Metro Manila property sector still attractive to investors
MANILA, Philippines–Metro Manila’s property market remains attractive to global institutional investors this 2015 even as overall interest in Asia-Pacific’s emerging markets has somewhat waned ahead of the expected rise in US interest rates.
This was based on Urban Land Institute (ULI) and PriceWaterhouseCoopers’ latest annual research “Emerging Trends in Real Estate Asia Pacific 2015,” which ranked the Philippines’ capital regional eighth highest in terms of city investment prospects and likewise eighth in terms of development prospects for this year. There were 22 markets monitored in the ninth annual survey.
Metro Manila’s ranking in the latest survey slipped from fourth place last year in terms of investment prospects but still stood better than other major Southeast Asian cities such as Singapore, Kuala Lumpur, Ho Chi Minh and Bangkok. In terms of development prospects, its ranking was unchanged from last year.
In particular, the Philippines was noted to be still among the “best bets” in the residential property segment alongside its Southeast Asian peers.

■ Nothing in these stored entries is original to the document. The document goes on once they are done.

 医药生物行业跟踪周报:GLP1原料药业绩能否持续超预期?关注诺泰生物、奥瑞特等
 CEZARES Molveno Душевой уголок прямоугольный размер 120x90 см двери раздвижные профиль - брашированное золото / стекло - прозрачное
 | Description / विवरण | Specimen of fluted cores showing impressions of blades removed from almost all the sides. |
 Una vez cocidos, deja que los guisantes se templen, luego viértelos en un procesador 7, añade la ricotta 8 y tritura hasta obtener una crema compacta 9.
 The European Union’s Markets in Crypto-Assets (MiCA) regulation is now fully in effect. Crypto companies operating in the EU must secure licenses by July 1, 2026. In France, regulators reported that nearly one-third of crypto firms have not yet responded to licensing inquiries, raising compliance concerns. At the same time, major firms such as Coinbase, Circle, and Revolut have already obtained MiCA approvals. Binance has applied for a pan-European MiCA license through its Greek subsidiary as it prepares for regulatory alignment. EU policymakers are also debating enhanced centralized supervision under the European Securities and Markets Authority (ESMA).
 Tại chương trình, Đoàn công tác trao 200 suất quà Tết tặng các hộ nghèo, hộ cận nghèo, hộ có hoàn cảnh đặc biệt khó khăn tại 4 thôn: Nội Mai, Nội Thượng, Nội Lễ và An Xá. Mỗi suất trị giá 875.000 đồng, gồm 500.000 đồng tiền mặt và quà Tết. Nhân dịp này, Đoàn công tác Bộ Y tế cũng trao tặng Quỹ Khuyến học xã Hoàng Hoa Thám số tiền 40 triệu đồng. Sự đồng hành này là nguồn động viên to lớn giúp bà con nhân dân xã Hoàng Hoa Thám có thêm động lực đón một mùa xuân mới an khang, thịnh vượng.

John Fitzgerald, chief executive of ULI Asia-Pacific, said in a forum last week that while foreign estate investors had been looking at emerging market opportunities for the last three years, in practice they found limited scope to buy.

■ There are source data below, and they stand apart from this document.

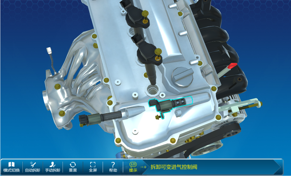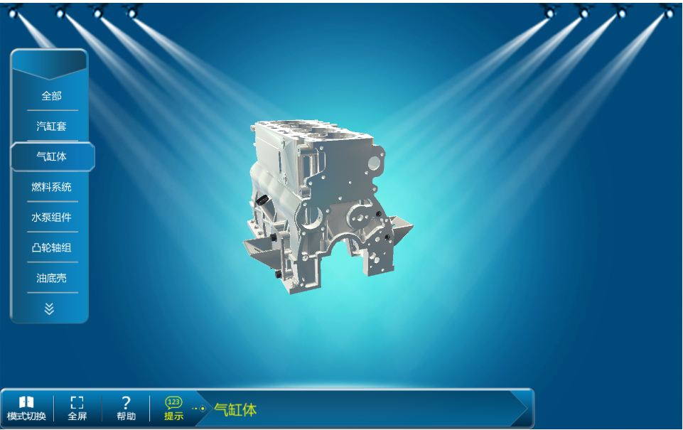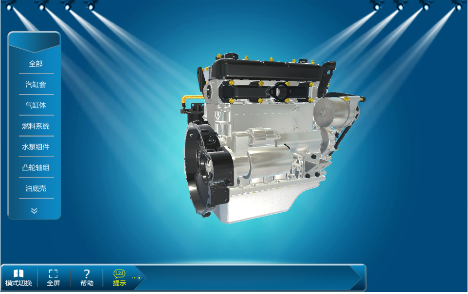 以三維互動(dòng)的形式,展現(xiàn)發(fā)動(dòng)機(jī)的結(jié)構(gòu)組成、燃燒系統(tǒng)、進(jìn)排氣系統(tǒng)。
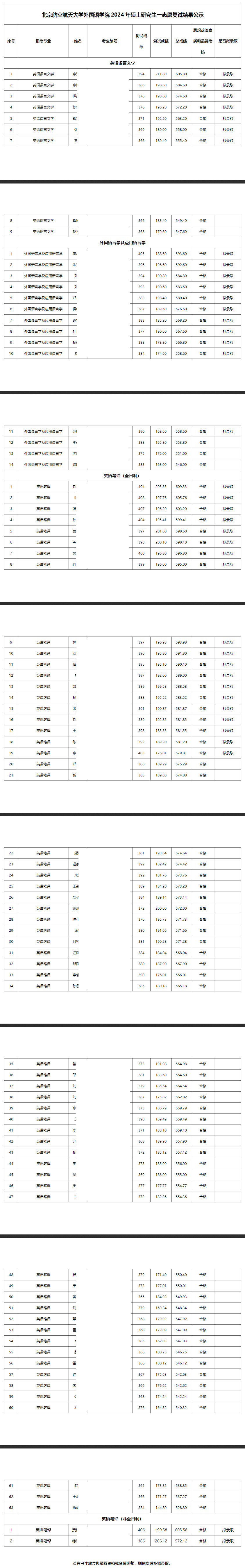 2024年北京航空航天大学外国语学院硕士研究生拟录取名单
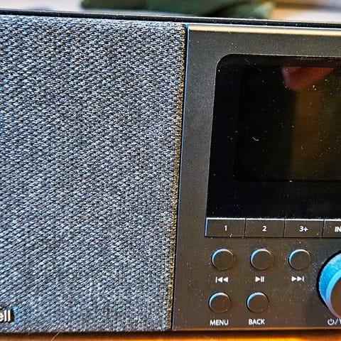 Radioen har innebygd DAB/DAB+ og FM-mottaker, med digital fargeskjerm som viser kanal- og programinformasjon. På fronten finnes høyttaler, volumkontroll og flere knapper for kanalvalg og forhåndsinnstillinger.
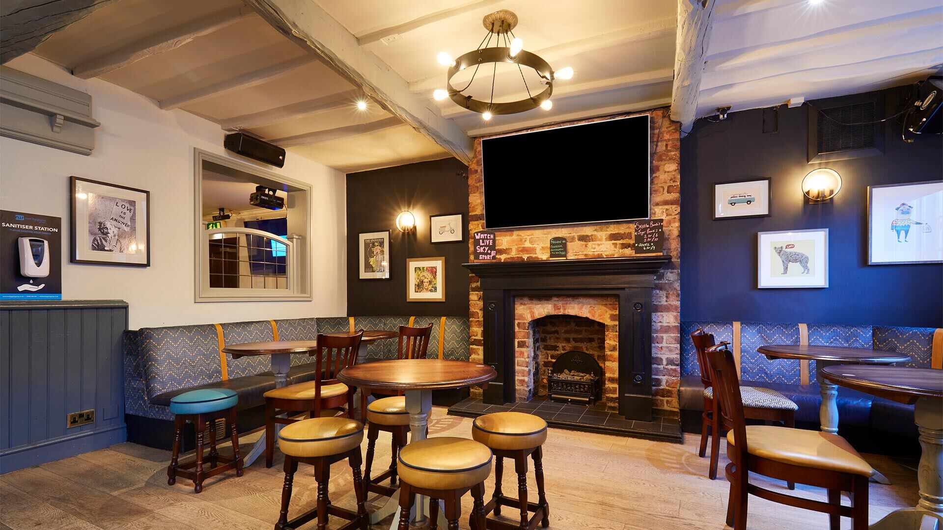 Its new, modern décor style ensures a comfortable daytime food and drink offer with sports viewing option before the pub transforms to a late night drinks venue. Bold colours used in the refurnished furniture add an element of fun to its design which are complimented with one-of-a-kind aesthetics seen in the artwork and vintage accessories.
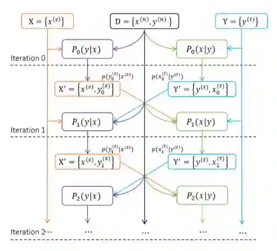 联合训练:从源语言到目标语言翻译(Source to Target)P(y|x) 与从目标语言到源语言翻译(Target to Source)P(x|y)
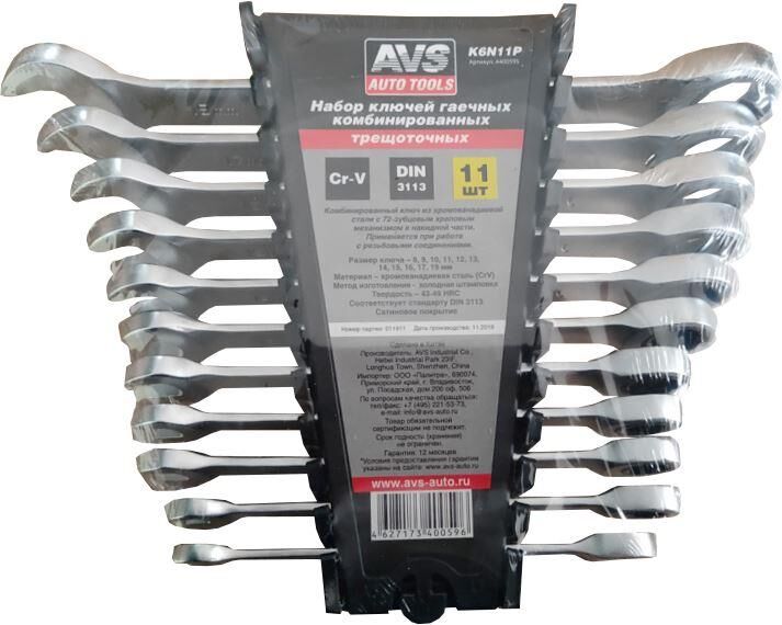 AVS TOOLS Набор ключей гаечных комбинированных трещоточных в пластике (8-19 мм) (11предметов) AVS K6
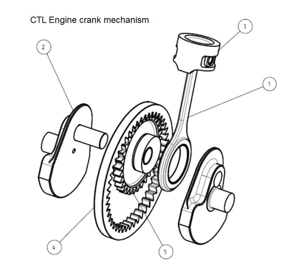 CTL Engineering has designed and built a test engine operating according to the Atkinson cycle which uses a new, compact, and simple crank mechanism, opening new perspectives for the industrial adoption of Atkinson's cycle based engines.
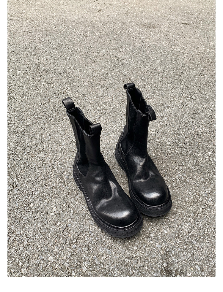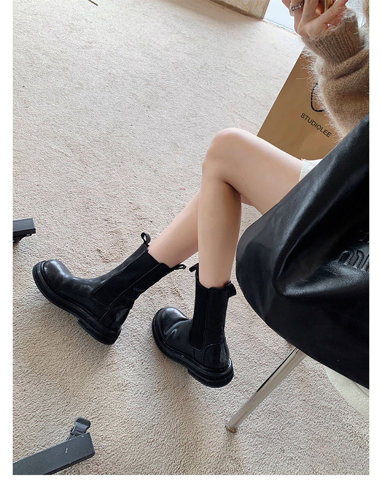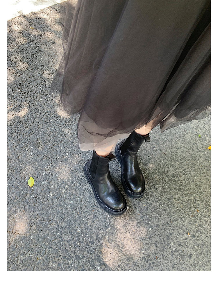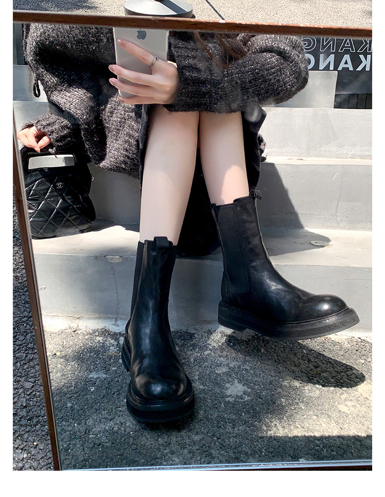 재고 포도 엄마 수축 말 가죽 신발 씻어 두꺼운 밑창 중간 튜브 연기 튜브 첼시 앵클 부츠 여성의 가을
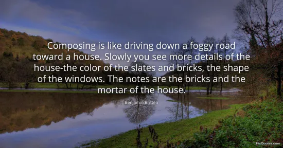"Composing is like driving down a foggy road toward a house. Slowly you see more details of the house-the color of the slates and bricks, the shape of the windows. The notes are the bricks and the mortar of the house"

The three main risks that stood out this 2015, Fitzgerald said, included an economic hard landing in China, which could have a “knock-on” impact across the region, uncertainties on “Abenomics” or Japan’s economic stimulus program and the looming interest rate increases by the US Federal Reserve.

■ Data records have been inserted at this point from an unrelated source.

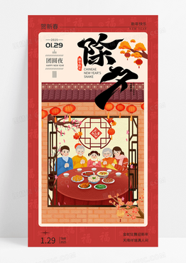 福字底纹除夕年夜饭团圆饭蛇年新春海报
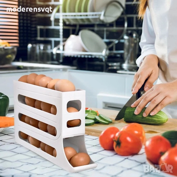 Открийте нов начин за съхранение на яйца с тази 4-слойна плъзгаща се поставка – иновативно решение, което съчетава функционалност, безопасност и стил. Създадена за съвременната кухня, тя осигурява оптимално използване на пространството и предпазва яйцата от повреди.
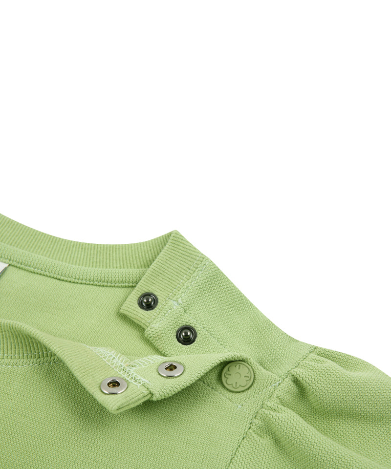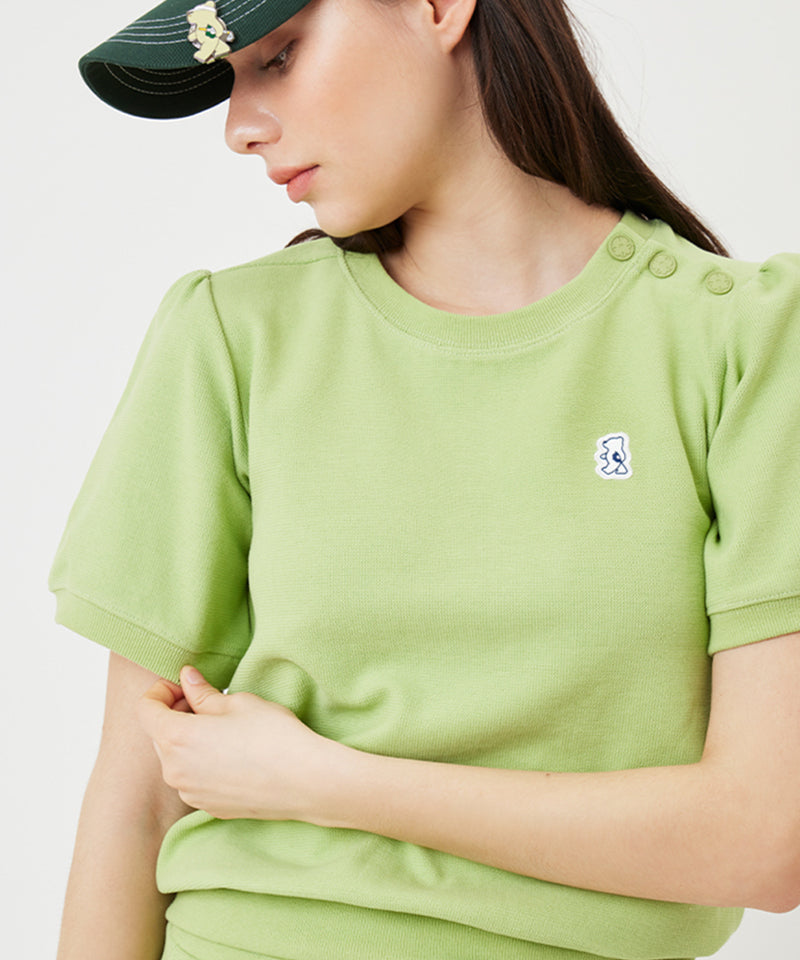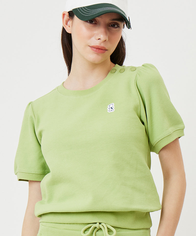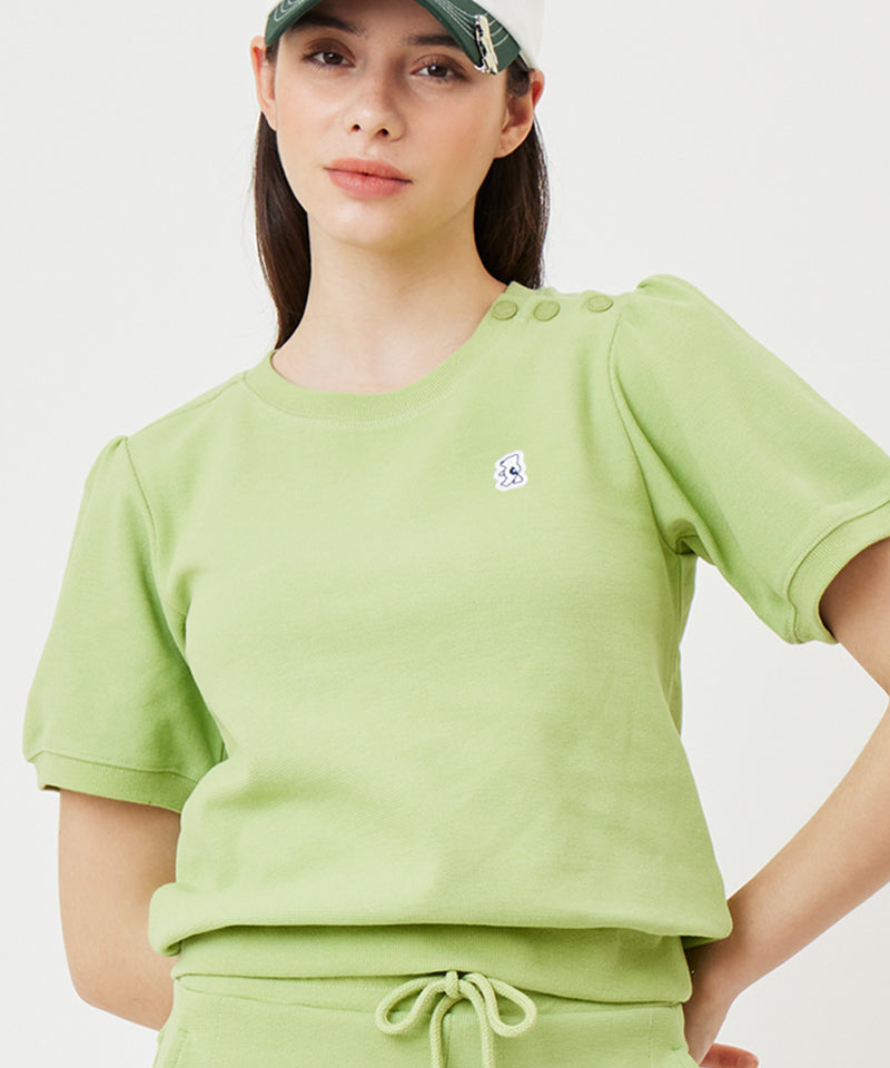 Planned short sleeve sweatshirt. Easy to wear with snap detail on the neck and puff detail on the sleeves for a feminine mood Item. Overall, the relaxed silhouette is not only in sports activities, but also in everyday life It's a good design to use.

“Fast-growing emerging markets like the Philippines and Indonesia remained on investors’ radar, but the attraction has dimmed somewhat this year as investors become cautious over the potential for capital outflows in the wake of upcoming US interest rate hikes,” the report said.
Ranked higher than 8th-placer Metro Manila in terms of city investment prospects in the ULI-PwC survey were: Tokyo (1st); Jakarta (2nd); Osaka (3rd); Sydney (4th); Melbourne (5th); Shanghai (6th) and Seoul (7th). On the other hand, Metro Manila edged out Singapore (9th), Beijing (10th), Mumbai (11th), Kuala Lumpur (12th), Ho Chi Minh (13th), New Delhi (14th), Auckland (15th), Bangkok (16th), Bangalore (17th), Taipei (18th), Shenzhen (19th), Guangzhou (20th), Hong Kong (21st) and China’s secondary cities (22th).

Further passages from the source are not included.